Thats a trophy deer in my book for sure!


----------



## Joe Archer (Mar 29, 2000)

Definitely nice! <----<<<


----------



## stelmon (Sep 21, 2000)

Nice doe ya got there queensalmon


----------



## QueenSalmon (Feb 23, 2001)

Trout,

I got it with my bow. She was about 20 yards from my stand. 3 smaller ones walked in and she was the last. I didn't see her at first and was trying to decide which one of the 3 I would take. Then my eyes bugged out when she walked in. I was so excited!!! She came right in and stood broad side to me and I took the shot. I felt like I was on autopilot!!! I felt like I was still sitting and watching someone else do it.
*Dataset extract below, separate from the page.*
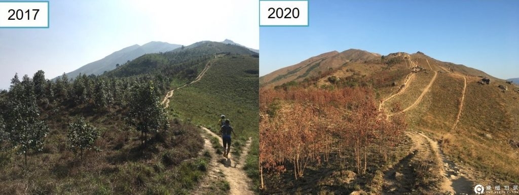Kai Kung Leng (Gui Kok Shan) is well known to experienced hikers. This imposing mountain on the Kam Tin Plain forms the backbone of the Kam Tin villages and is famous for its 360-degree views, sea of grass and breath-taking sunsets. However, over the years we have seen the area repeatedly damaged by hill fires, preventing the grass from growing back. Recently, the mountain has shown many visible “scars”.

Thanks for all the nice comments!!!! My husband told me He had to move my head out of the way to see the monitor cause it's getting so big with all your wonderful comments 

Thanks Again

QS


----------



## QueenSalmon (Feb 23, 2001)

I'm going to try this again. This is the same deer just a different pic













I hope it works!!! Please have patience with me? I'm usually a fast learner but this puter thing is kind of hard

QS


----------



## QueenSalmon (Feb 23, 2001)

WOW I think I got it !!! Now you are in big trouble. I have tons of pics to post 

QS


----------



## Tom222 (Oct 21, 2000)

I enjoy seeing pictures, but only if they are the real thing. The one you posted here is a hoax. That doe isn't dead, look it's winking at the camera  
Send some more. REAL ones this time


----------



## trout (Jan 17, 2000)

Tom: What deer?
HA HA HA 
QS Fire away your pic are very much appreciated.


----------



## QueenSalmon (Feb 23, 2001)

Tom, I've looked at my pictures of this Doe a million times I swear. I have never noticed that it appears that she is winking. Thanks for pointing that out I got a good laugh at that and can't wait to show my hubby it cause I don't think he even noticed it 

Trout, I have tons of pics that I have taken of many things in the outdoors. I absolutely love it. If we ever lost our jobs with Ford we would either move to the UP or to AK. I would love to live an hour or two away from civilization.


QS


----------



## unregistered55 (Mar 12, 2000)

Why don't I see any Pics?


----------



## knockoff64 (Oct 14, 2001)

I Was wondering the same thing NO!


----------



## QueenSalmon (Feb 23, 2001)

What happened to the pics they were there the other day!?! How do I fix it? PLEASE someone help me and my beautiful deer 

QS


----------



## Steve (Jan 15, 2000)

The picture must not be at the same address that it was the other day.


----------



## Spanky (Mar 21, 2001)

I just downloaded it and I got some great pics on my screen. 
QS that is a great photo, a Dandy! And the deer aint too bad either! 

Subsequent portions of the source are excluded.